### What is needed
Repeat the data verbatim, images excluded.

### Data for this exercise
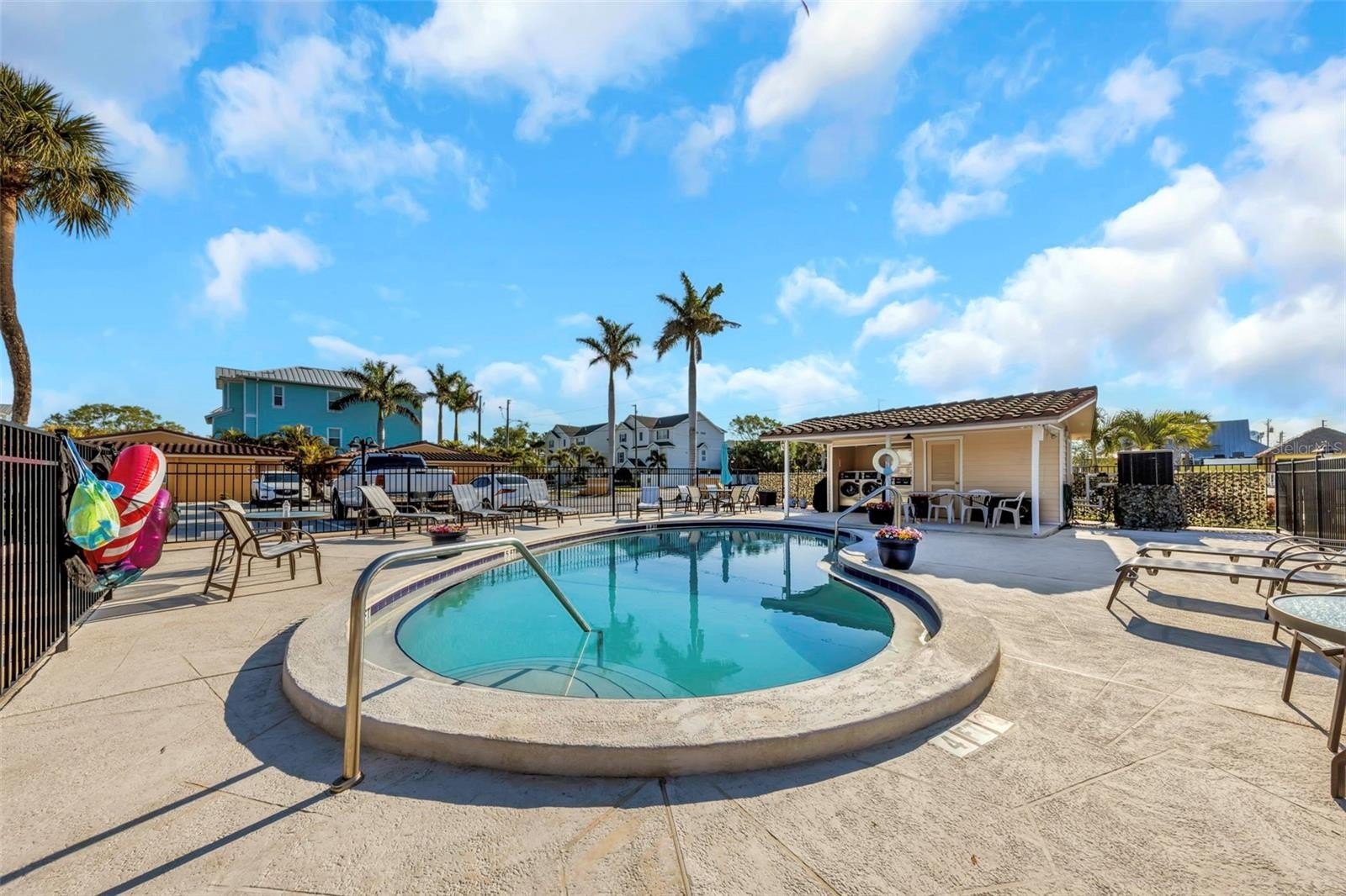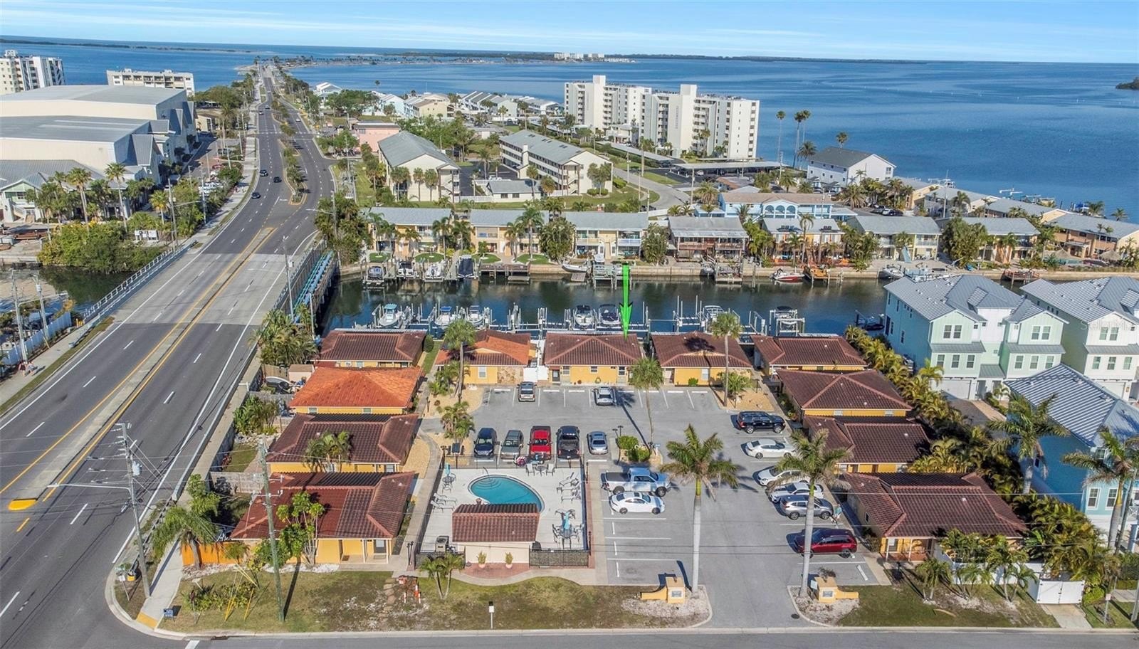 Must see this 2 bedroom/1 bathroom Villa in the heart of Dunedin with over 20 feet of waterfront views! Have your morning coffee while sitting on the covered back patio and watching the Dolphins! Relax by the heated Pool! Home currently used as a 1 bedroom with two living areas, but can also be a 2 bedroom/1 bath. Boat slip rentals often available in the complex. Pets allowed, no size limit. 1 month rental allowed. Low HOA fee of $150/month. Located just a short distance to Honeymoon Island, the Pinellas Trail and the vibrant heart of downtown Dunedin! With walkable access to kayaking, cycling, golf courses and beachfront leisure, this is the ultimate Florida retreat. HVAC replaced in 2024. HW heater 2025. Small community of 22 villas.
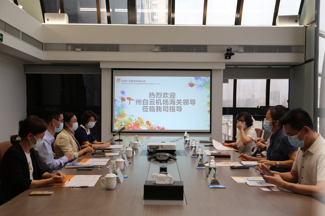 2022年6月10日,廣州白云機場海關(guān)一行領(lǐng)導(dǎo)來到華潤廣東醫(yī)藥有限公司(以下簡稱:“華潤廣東醫(yī)藥”)開展調(diào)研交流會。廣州白云機場海關(guān)關(guān)長顧炯、副關(guān)長鄭曼瑩、審核業(yè)務(wù)處處長黃怡、駐跨境電商監(jiān)管中心辦事處副主任張韜、審核業(yè)務(wù)處業(yè)務(wù)三科副科長祝佳楠,華潤醫(yī)藥商業(yè)華南區(qū)域、華潤廣東醫(yī)藥總經(jīng)理霍佩瓊及管理團隊、國際業(yè)務(wù)相關(guān)負責(zé)人共同參與。
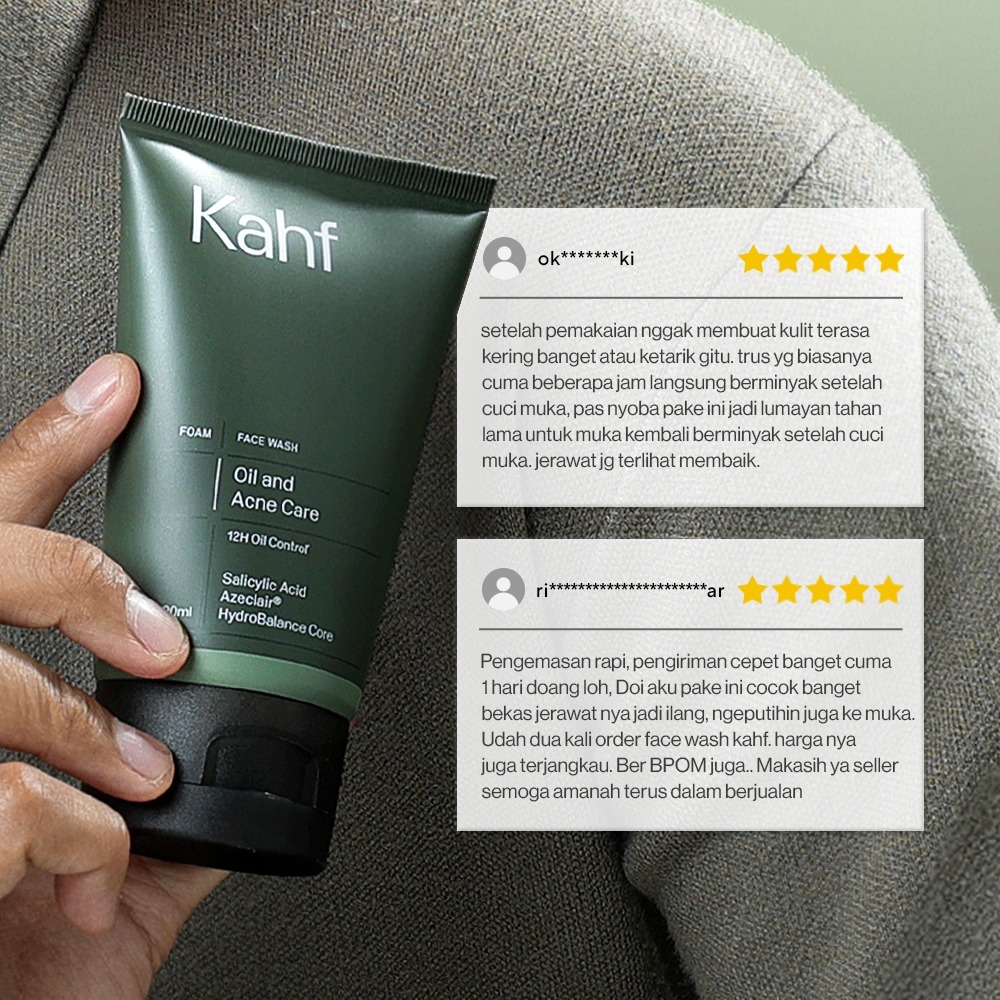 NEW LOOK BETTER FORMULA! Kahf Face Wash Oil and Acne Care 100 ml - Sabun Cuci Muka Pria untuk Membantu Lawan Jerawat dan Kontrol Minyak - Daily Use, Salicylic Acid, Hilangkan Prone, Bekas Beruntusan, Hydrating, Calm, Menenangkan, Hydration, Control
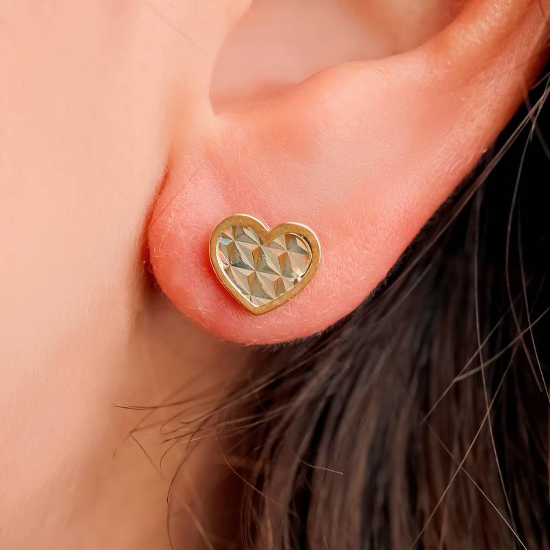 Découvrez les Boucles d'Oreilles Coeur Scintillant en Or Jaune 375, une symphonie d'éclats et de douceur. En or jaune, chaque boucle capture la lumière d'une manière unique, grâce à sa finiture polie et brillante. Ces puces d'une hauteur de 7,50 mm et d'une largeur de 9 mm, sont la promesse d'un charme discret mais éternel, pesant seulement 1,30 g. Conçues pour la femme moderne, elles sont protégées par une garantie de 2 ans.
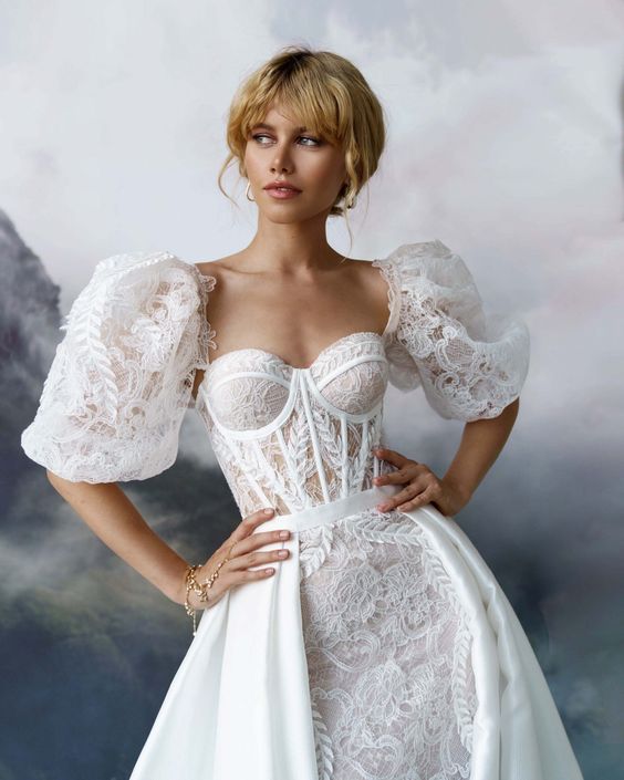 This gown is a confection of lace and structure, marrying the modern sensibility of a corset with the romanticism of vintage puff sleeves. The classy bodice is a testament to the modern simple trend, while the lace overlay brings a whisper of bohemian style to a decidedly elegant silhouette.
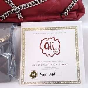 Extremely rare limited edition with CERTIFICATE OF AUTHENTICITY 37/40 made before designer Carlos Falchi passed away. Very rare and a handful of colors made available. Quilted and chained leather hand sewn in New York. Beautiful color of red. Lambskin leather.
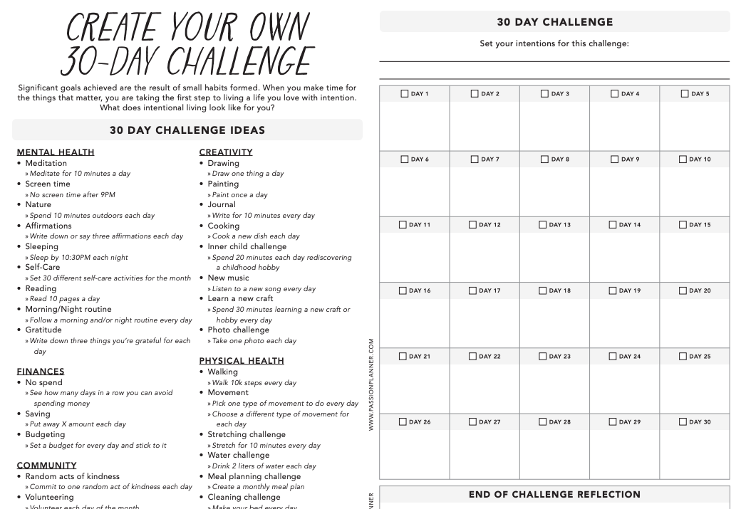 The free Create Your Own 30-Day Challenge guide will help you design a personal challenge that fits your goals—whether it’s health, creativity, finances, or building better daily habits. Use it to pick a challenge idea, write down your daily actions, and track your progress one day at a time. At the end of 30 days, reflect
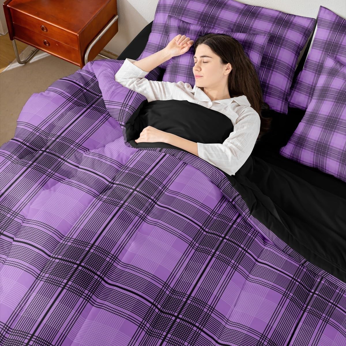 Purple Black Plaid Comforter Set Queen Size 7 Pieces Checkered Geometric Bedding
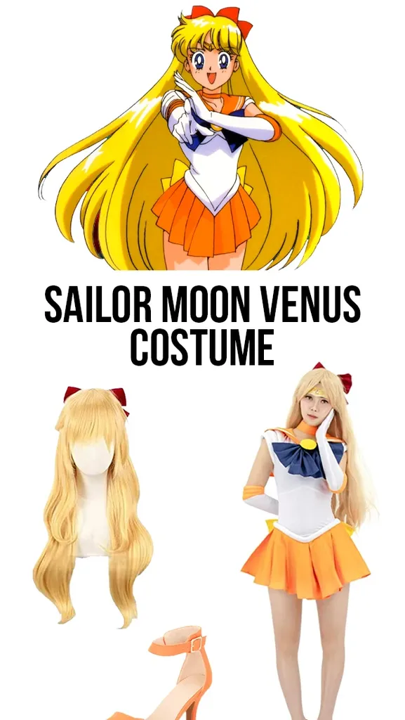 A pezsgő Sailor Vénusz tökéletes kiegészítés a teljes tengerész-szkenneléshez! Tegye a Minako -t a csapat részét azáltal, hogy megvásárolja aláíró narancssárga ruhák egy szőke paróka És ezek az ultra-cute Boka heveder sarkú!
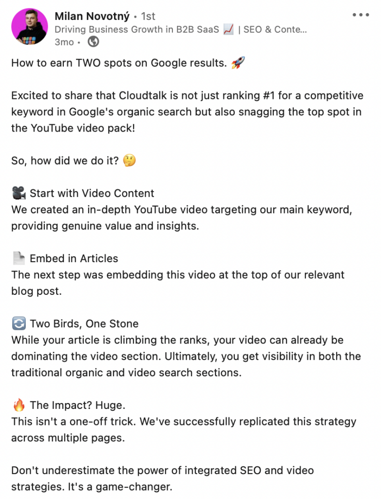 “Hey, Milan. I saw that your content earned 2 spots in Google results recently. That’s impressive! How did you achieve it?”
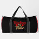 This black and red duffle bag celebrates the special bond between teachers and their students, featuring the heartwarming phrase "Teaching my Tribe" in a stylish, two-toned font with apple icons. It's an ideal gift for dedicated educators who cherish their classroom community. Edit colour of the bag caps and body in the Design tool to your favored colours.
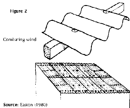 Timber roofs should be connected to masonry walls with a fastening strap or reinforcing bar that is firmly embedded in the concrete or masonry. If timber walls are used it should be ensured that nails are driven in so they act in shear rather than in tension. Purlins should be tied to rafters with strap connectors. When nailing corrugated roof sheeting, the top of the corrugations should be nailed through and a washer at least 20 mm (3/4 inch) in diameter used. Every corrugation of roof edges and every other corrugation elsewhere (see Figure 2) should be nailed.
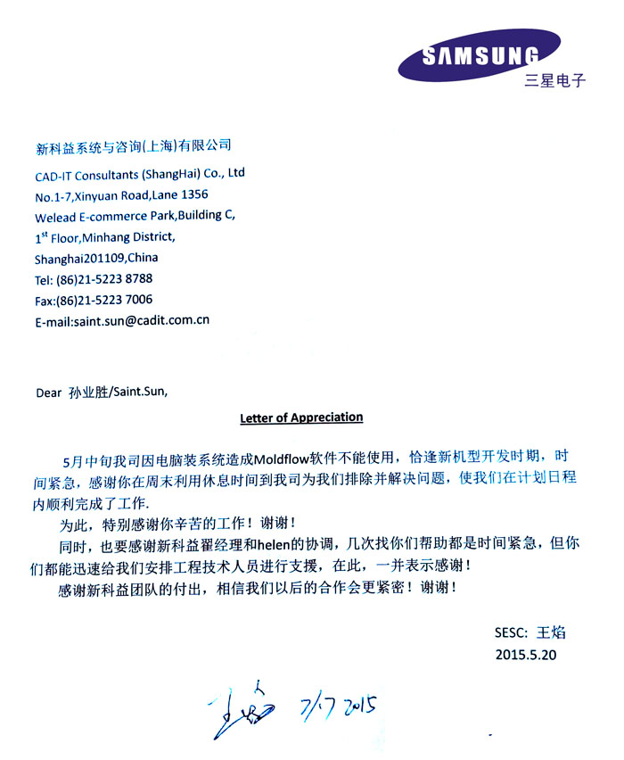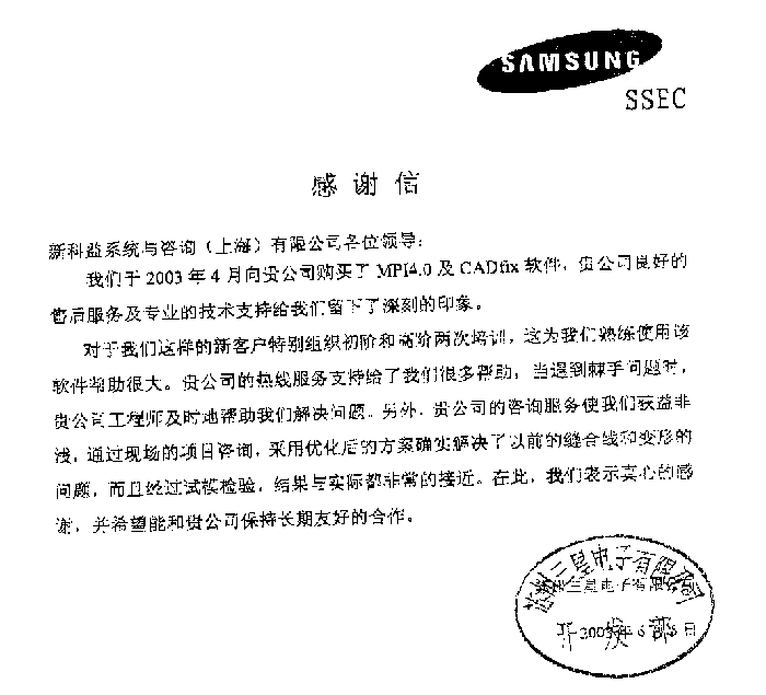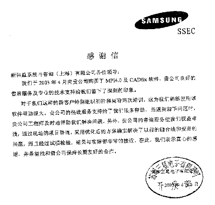 三星電腦-感謝函
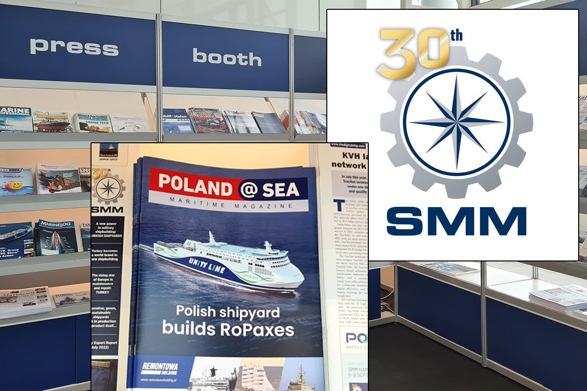 PortalMorski.pl jest wśród partnerów medialnych targów SMM. Uczestnicy targów mają zapewnioną świeżą dawkę ciekawych informacji o osiągnięciach technicznych i rynkowych polskiego sektora morskiego w dystrybuowanym na SMM 2022 anglojęzycznym magazynie "Poland at Sea".

### Answer to the exercise
 Must see this 2 bedroom/1 bathroom Villa in the heart of Dunedin with over 20 feet of waterfront views! Have your morning coffee while sitting on the covered back patio and watching the Dolphins! Relax by the heated Pool! Home currently used as a 1 bedroom with two living areas, but can also be a 2 bedroom/1 bath. Boat slip rentals often available in the complex. Pets allowed, no size limit. 1 month rental allowed. Low HOA fee of $150/month. Located just a short distance to Honeymoon Island, the Pinellas Trail and the vibrant heart of downtown Dunedin! With walkable access to kayaking, cycling, golf courses and beachfront leisure, this is the ultimate Florida retreat. HVAC replaced in 2024. HW heater 2025. Small community of 22 villas.
 2022年6月10日,廣州白云機場海關(guān)一行領(lǐng)導(dǎo)來到華潤廣東醫(yī)藥有限公司(以下簡稱:“華潤廣東醫(yī)藥”)開展調(diào)研交流會。廣州白云機場海關(guān)關(guān)長顧炯、副關(guān)長鄭曼瑩、審核業(yè)務(wù)處處長黃怡、駐跨境電商監(jiān)管中心辦事處副主任張韜、審核業(yè)務(wù)處業(yè)務(wù)三科副科長祝佳楠,華潤醫(yī)藥商業(yè)華南區(qū)域、華潤廣東醫(yī)藥總經(jīng)理霍佩瓊及管理團隊、國際業(yè)務(wù)相關(guān)負責(zé)人共同參與。
 NEW LOOK BETTER FORMULA! Kahf Face Wash Oil and Acne Care 100 ml - Sabun Cuci Muka Pria untuk Membantu Lawan Jerawat dan Kontrol Minyak - Daily Use, Salicylic Acid, Hilangkan Prone, Bekas Beruntusan, Hydrating, Calm, Menenangkan, Hydration, Control
 Découvrez les Boucles d'Oreilles Coeur Scintillant en Or Jaune 375, une symphonie d'éclats et de douceur. En or jaune, chaque boucle capture la lumière d'une manière unique, grâce à sa finiture polie et brillante. Ces puces d'une hauteur de 7,50 mm et d'une largeur de 9 mm, sont la promesse d'un charme discret mais éternel, pesant seulement 1,30 g. Conçues pour la femme moderne, elles sont protégées par une garantie de 2 ans.
 This gown is a confection of lace and structure, marrying the modern sensibility of a corset with the romanticism of vintage puff sleeves. The classy bodice is a testament to the modern simple trend, while the lace overlay brings a whisper of bohemian style to a decidedly elegant silhouette.
 Extremely rare limited edition with CERTIFICATE OF AUTHENTICITY 37/40 made before designer Carlos Falchi passed away. Very rare and a handful of colors made available. Quilted and chained leather hand sewn in New York. Beautiful color of red. Lambskin leather.
 The free Create Your Own 30-Day Challenge guide will help you design a personal challenge that fits your goals—whether it’s health, creativity, finances, or building better daily habits. Use it to pick a challenge idea, write down your daily actions, and track your progress one day at a time. At the end of 30 days, reflect
 Purple Black Plaid Comforter Set Queen Size 7 Pieces Checkered Geometric Bedding
 A pezsgő Sailor Vénusz tökéletes kiegészítés a teljes tengerész-szkenneléshez! Tegye a Minako -t a csapat részét azáltal, hogy megvásárolja aláíró narancssárga ruhák egy szőke paróka És ezek az ultra-cute Boka heveder sarkú!
 “Hey, Milan. I saw that your content earned 2 spots in Google results recently. That’s impressive! How did you achieve it?”
 This black and red duffle bag celebrates the special bond between teachers and their students, featuring the heartwarming phrase "Teaching my Tribe" in a stylish, two-toned font with apple icons. It's an ideal gift for dedicated educators who cherish their classroom community. Edit colour of the bag caps and body in the Design tool to your favored colours.
 Timber roofs should be connected to masonry walls with a fastening strap or reinforcing bar that is firmly embedded in the concrete or masonry. If timber walls are used it should be ensured that nails are driven in so they act in shear rather than in tension. Purlins should be tied to rafters with strap connectors. When nailing corrugated roof sheeting, the top of the corrugations should be nailed through and a washer at least 20 mm (3/4 inch) in diameter used. Every corrugation of roof edges and every other corrugation elsewhere (see Figure 2) should be nailed.
 三星電腦-感謝函
 PortalMorski.pl jest wśród partnerów medialnych targów SMM. Uczestnicy targów mają zapewnioną świeżą dawkę ciekawych informacji o osiągnięciach technicznych i rynkowych polskiego sektora morskiego w dystrybuowanym na SMM 2022 anglojęzycznym magazynie "Poland at Sea".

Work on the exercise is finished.